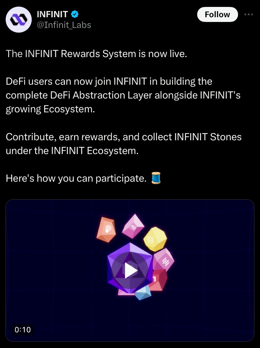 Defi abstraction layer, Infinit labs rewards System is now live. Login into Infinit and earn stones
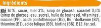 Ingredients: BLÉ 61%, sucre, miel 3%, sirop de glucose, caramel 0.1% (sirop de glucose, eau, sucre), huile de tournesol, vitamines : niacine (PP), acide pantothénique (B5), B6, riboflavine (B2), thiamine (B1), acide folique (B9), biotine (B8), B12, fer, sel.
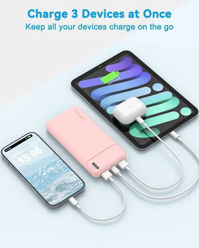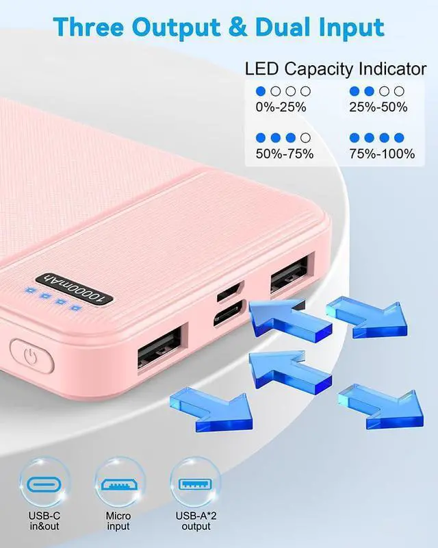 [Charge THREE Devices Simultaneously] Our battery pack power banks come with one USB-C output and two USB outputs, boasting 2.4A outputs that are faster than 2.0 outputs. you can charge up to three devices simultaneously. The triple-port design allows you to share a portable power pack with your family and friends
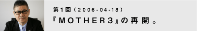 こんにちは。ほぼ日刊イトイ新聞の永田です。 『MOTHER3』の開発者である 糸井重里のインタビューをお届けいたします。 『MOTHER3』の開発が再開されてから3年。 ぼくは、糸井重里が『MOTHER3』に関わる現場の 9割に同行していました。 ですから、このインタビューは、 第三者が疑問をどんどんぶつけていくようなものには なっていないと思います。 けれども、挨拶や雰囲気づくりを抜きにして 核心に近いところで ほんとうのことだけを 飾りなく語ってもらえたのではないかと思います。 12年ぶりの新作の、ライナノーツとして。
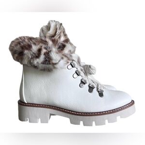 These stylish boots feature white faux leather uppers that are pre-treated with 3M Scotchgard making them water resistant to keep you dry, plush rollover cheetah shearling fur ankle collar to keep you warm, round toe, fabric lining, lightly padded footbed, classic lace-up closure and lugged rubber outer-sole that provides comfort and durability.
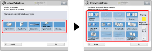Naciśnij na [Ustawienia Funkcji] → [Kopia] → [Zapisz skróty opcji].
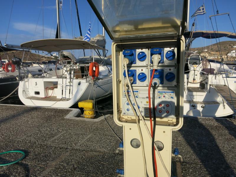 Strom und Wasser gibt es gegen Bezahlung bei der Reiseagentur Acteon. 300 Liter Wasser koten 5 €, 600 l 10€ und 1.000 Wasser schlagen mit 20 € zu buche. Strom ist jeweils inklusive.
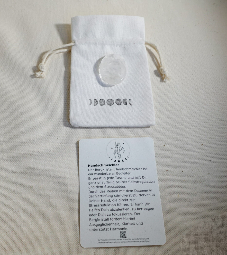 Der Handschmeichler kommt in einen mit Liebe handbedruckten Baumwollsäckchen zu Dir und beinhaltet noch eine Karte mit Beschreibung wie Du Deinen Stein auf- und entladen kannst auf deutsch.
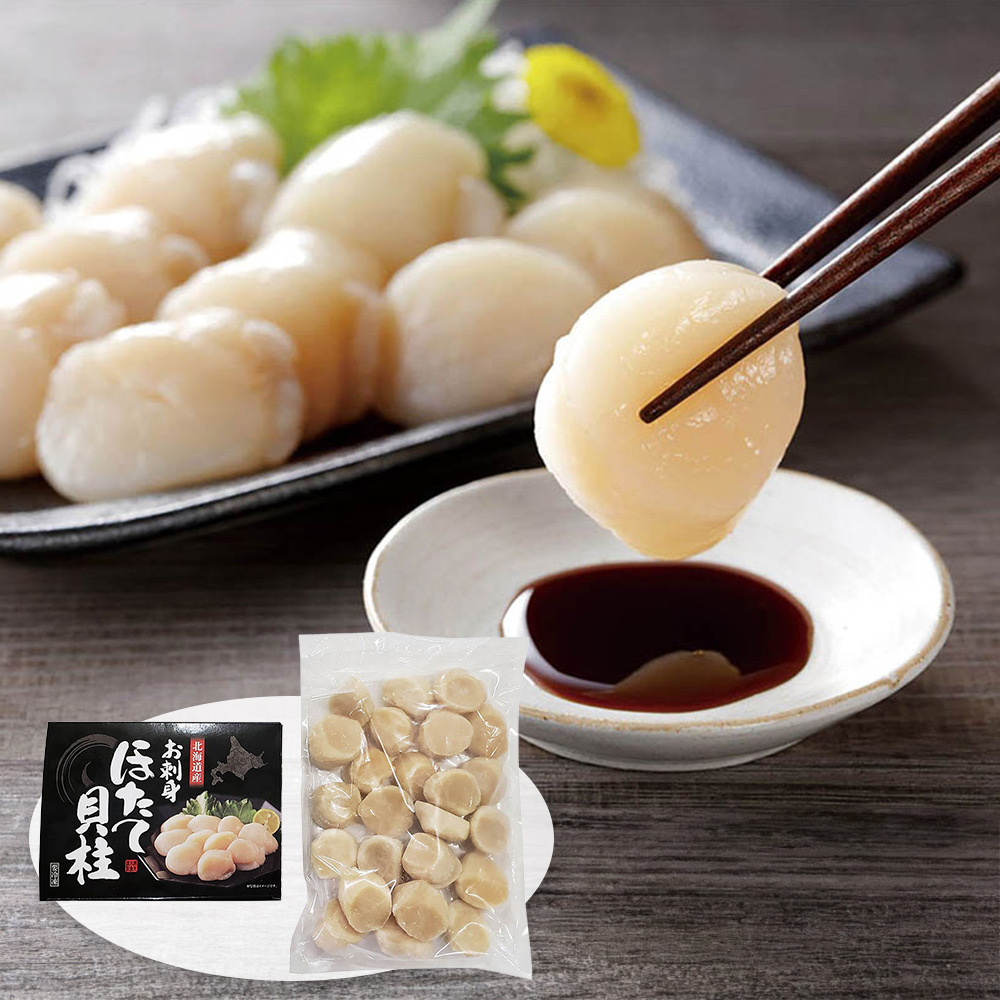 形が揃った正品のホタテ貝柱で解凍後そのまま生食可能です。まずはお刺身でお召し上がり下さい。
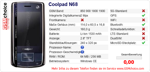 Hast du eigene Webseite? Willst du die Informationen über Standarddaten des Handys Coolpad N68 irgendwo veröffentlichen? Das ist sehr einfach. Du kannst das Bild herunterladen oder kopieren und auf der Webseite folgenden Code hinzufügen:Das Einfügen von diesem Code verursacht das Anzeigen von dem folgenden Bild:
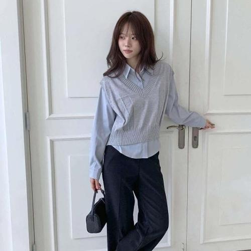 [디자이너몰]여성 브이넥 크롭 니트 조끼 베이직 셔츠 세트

* * *

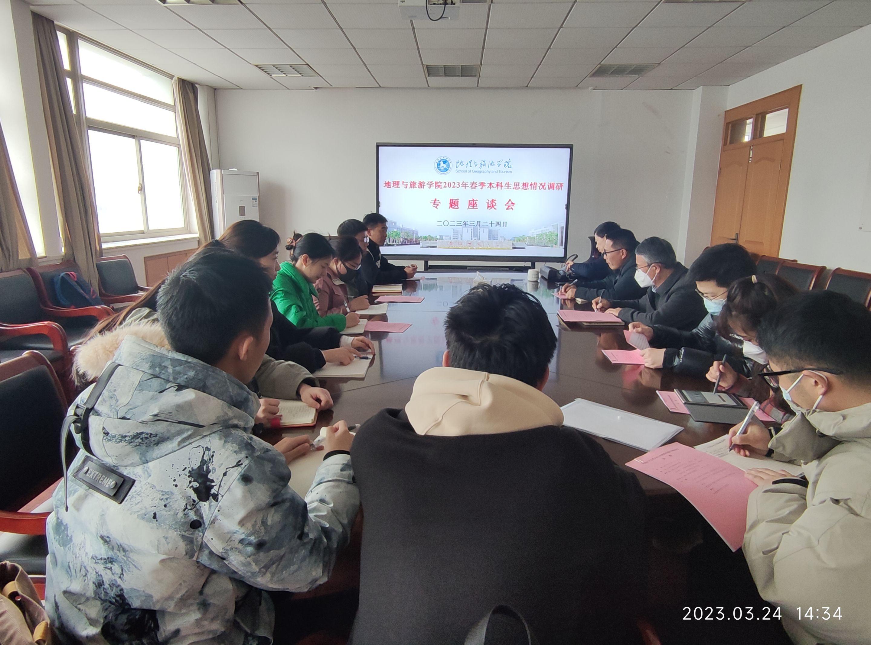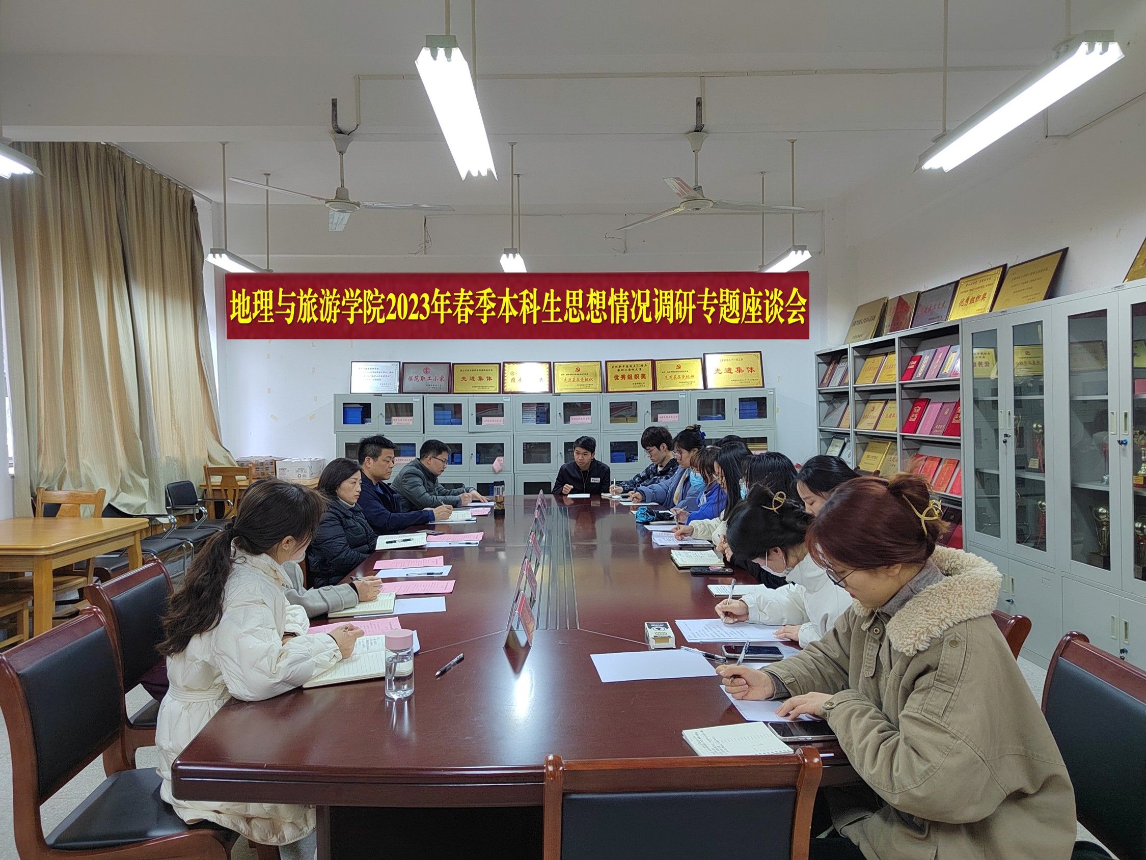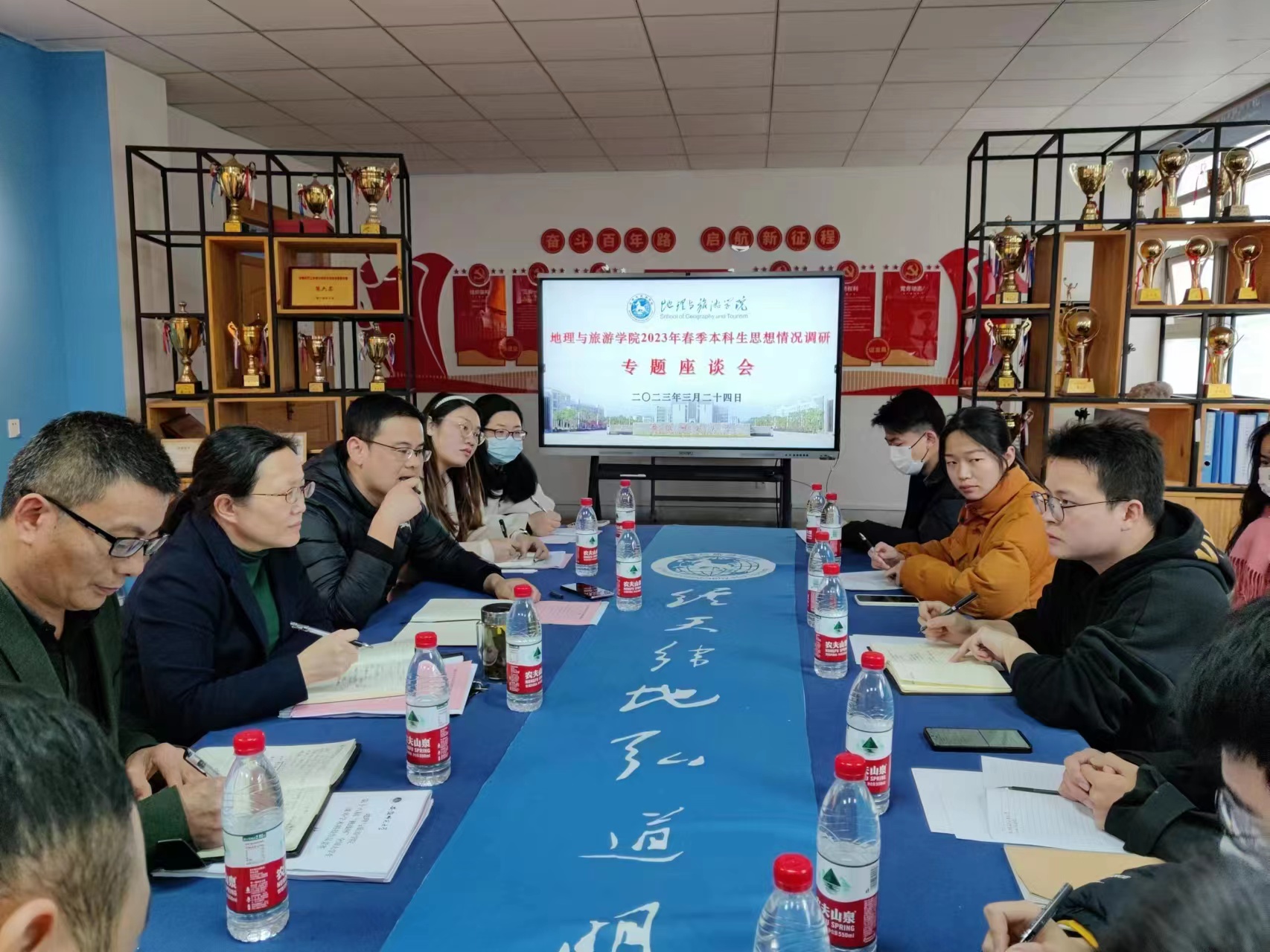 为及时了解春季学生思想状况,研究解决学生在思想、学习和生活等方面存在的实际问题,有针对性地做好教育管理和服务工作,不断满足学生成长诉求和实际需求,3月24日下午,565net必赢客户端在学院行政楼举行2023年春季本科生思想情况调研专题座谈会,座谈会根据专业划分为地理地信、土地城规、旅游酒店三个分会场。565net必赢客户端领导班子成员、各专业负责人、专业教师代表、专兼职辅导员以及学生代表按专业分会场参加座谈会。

* * *

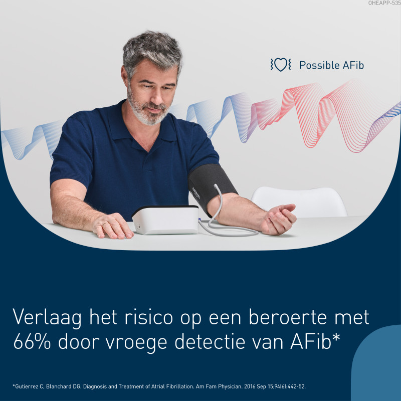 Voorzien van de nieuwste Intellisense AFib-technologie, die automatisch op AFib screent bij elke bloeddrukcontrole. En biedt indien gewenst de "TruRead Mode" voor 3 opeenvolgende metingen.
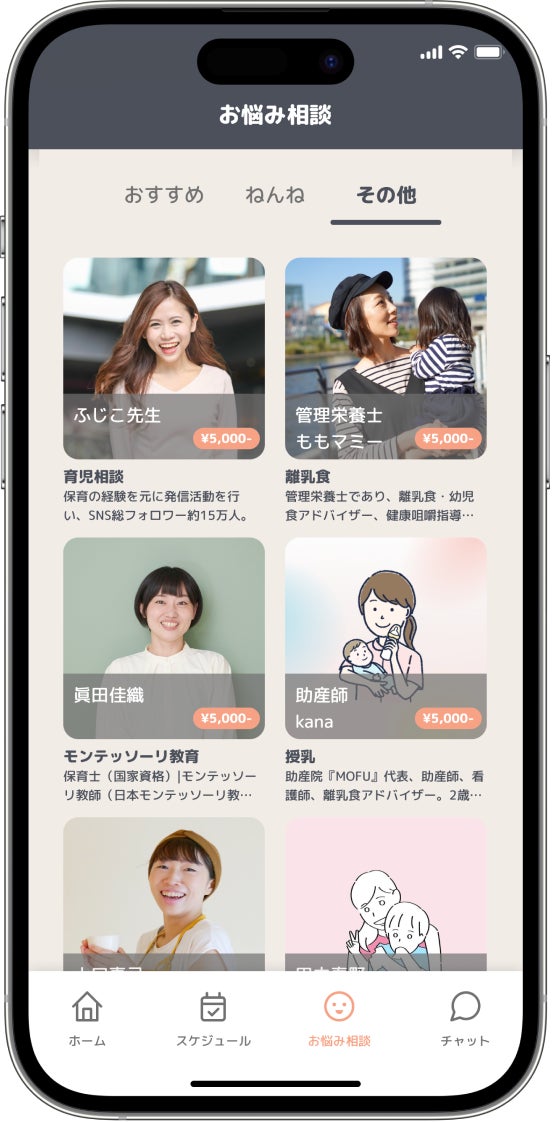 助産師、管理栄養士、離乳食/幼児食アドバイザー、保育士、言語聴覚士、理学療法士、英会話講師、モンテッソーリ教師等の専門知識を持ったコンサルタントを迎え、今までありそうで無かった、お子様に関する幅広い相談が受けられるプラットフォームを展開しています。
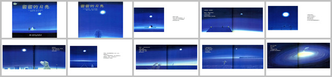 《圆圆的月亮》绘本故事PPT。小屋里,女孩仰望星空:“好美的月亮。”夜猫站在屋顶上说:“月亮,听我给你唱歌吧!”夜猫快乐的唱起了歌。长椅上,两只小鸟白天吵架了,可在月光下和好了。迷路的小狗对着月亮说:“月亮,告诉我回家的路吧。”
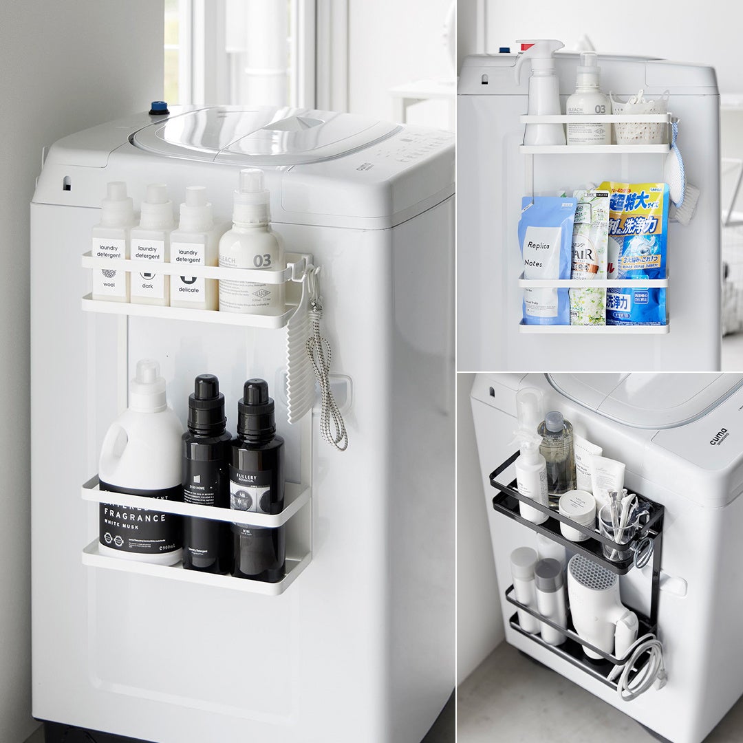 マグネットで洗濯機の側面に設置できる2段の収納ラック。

PROBLEM STATEMENT:
Among the entries above, take the lines from the one with "こんにちは。ほぼ日刊イトイ新聞の永田です。 『MOTHER3』の開発者である 糸井重里のインタビューをお届けいたします。" through the one with "形が揃った正品のホタテ貝柱で" and retype them exactly, leaving out the pictures.

TASK SOLUTION:
 こんにちは。ほぼ日刊イトイ新聞の永田です。 『MOTHER3』の開発者である 糸井重里のインタビューをお届けいたします。 『MOTHER3』の開発が再開されてから3年。 ぼくは、糸井重里が『MOTHER3』に関わる現場の 9割に同行していました。 ですから、このインタビューは、 第三者が疑問をどんどんぶつけていくようなものには なっていないと思います。 けれども、挨拶や雰囲気づくりを抜きにして 核心に近いところで ほんとうのことだけを 飾りなく語ってもらえたのではないかと思います。 12年ぶりの新作の、ライナノーツとして。
 These stylish boots feature white faux leather uppers that are pre-treated with 3M Scotchgard making them water resistant to keep you dry, plush rollover cheetah shearling fur ankle collar to keep you warm, round toe, fabric lining, lightly padded footbed, classic lace-up closure and lugged rubber outer-sole that provides comfort and durability.
Naciśnij na [Ustawienia Funkcji] → [Kopia] → [Zapisz skróty opcji].
 Strom und Wasser gibt es gegen Bezahlung bei der Reiseagentur Acteon. 300 Liter Wasser koten 5 €, 600 l 10€ und 1.000 Wasser schlagen mit 20 € zu buche. Strom ist jeweils inklusive.
 Der Handschmeichler kommt in einen mit Liebe handbedruckten Baumwollsäckchen zu Dir und beinhaltet noch eine Karte mit Beschreibung wie Du Deinen Stein auf- und entladen kannst auf deutsch.
 形が揃った正品のホタテ貝柱で解凍後そのまま生食可能です。まずはお刺身でお召し上がり下さい。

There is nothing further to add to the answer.